WTI Bergerak Menuju $90,00 Karena Potensi Pengurangan Pasokan Oleh OPEC
- Harga minyak berusaha mencium rintangan terdekat $90,00 di tengah meningkatnya kekhawatiran pemotongan pasokan.
- Zona Euro dapat menggantikan minyak untuk energi untuk mengurangi kebutuhan energi sampai batas tertentu.
- Pengumuman pembatasan lockdown di Tiongkok akan menyudutkan COVID-19 telah memangkas permintaan secara keseluruhan.
West Texas Intermediate (WTI), kontrak berjangka di NYMEX, menunjukkan kinerja di bawah standar setelah pembukaan gap-up pada hari Senin. Emas hitam telah berubah sideway yang dipimpin oleh tidak tersedianya momentum kenaikan karena peretasan pembalikan. Aset ini berosilasi dalam kisaran $87,70-88,60 dan diperkirakan akan bergerak menuju resistensi level bulat $90,00.

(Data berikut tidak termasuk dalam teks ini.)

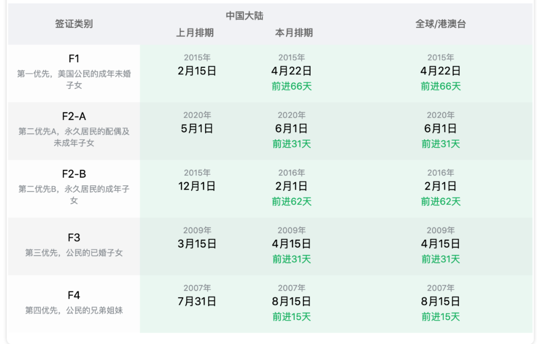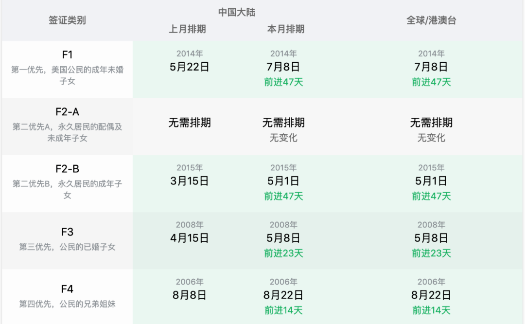 亲属移民较大幅度前进,F1和F2前进47天, F3前进23天,F4前进14天。

Pembeli minyak telah mendapatkan daya tarik yang layak karena pengumuman pengurangan produksi tampaknya memungkinkan dalam pertemuan OPEC pada hari Senin. Kartel ini telah mengisyaratkan pemotongan produksi untuk mengimbangi penurunan harga minyak baru-baru ini. Bagi kartel minyak, harga yang lebih lemah selalu dianggap sebagai ketidakseimbangan karena menghasilkan pendapatan yang lebih rendah bagi negara-negara pengekspor minyak. Oleh karena itu, kartel minyak lebih memilih untuk menjaga harga minyak lebih tinggi untuk mempercepat pendapatan.
Di sisi permintaan, krisis energi yang semakin dalam di Zona Euro setelah Moskow menghentikan pasokan energi untuk waktu yang tidak terbatas diperkirakan akan meningkatkan permintaan minyak. Benua tua diperkirakan akan memanfaatkan minyak sebagai pengganti untuk mengurangi kebutuhan minyak. Perlu dicatat bahwa musim dingin akan tiba lebih cepat dan stok energi yang lebih tinggi diperlukan untuk memenuhi permintaan yang meningkat.

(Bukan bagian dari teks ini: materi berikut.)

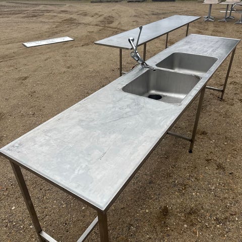 Rustfri stålvask arbejdsbord med dobbeltvask og hylde

Sementara itu, kebangkitan COVID-19 di ekonomi terbesar kedua di dunia dan importir minyak terbesar di dunia, Tiongkok telah memangkas prospek permintaan secara keseluruhan. Adaptasi pembatasan lockdown untuk menahan penyebaran telah memaksa pembatasan pergerakan manusia, material, dan mesin akan mengakibatkan permintaan minyak yang berkurang di masa depan.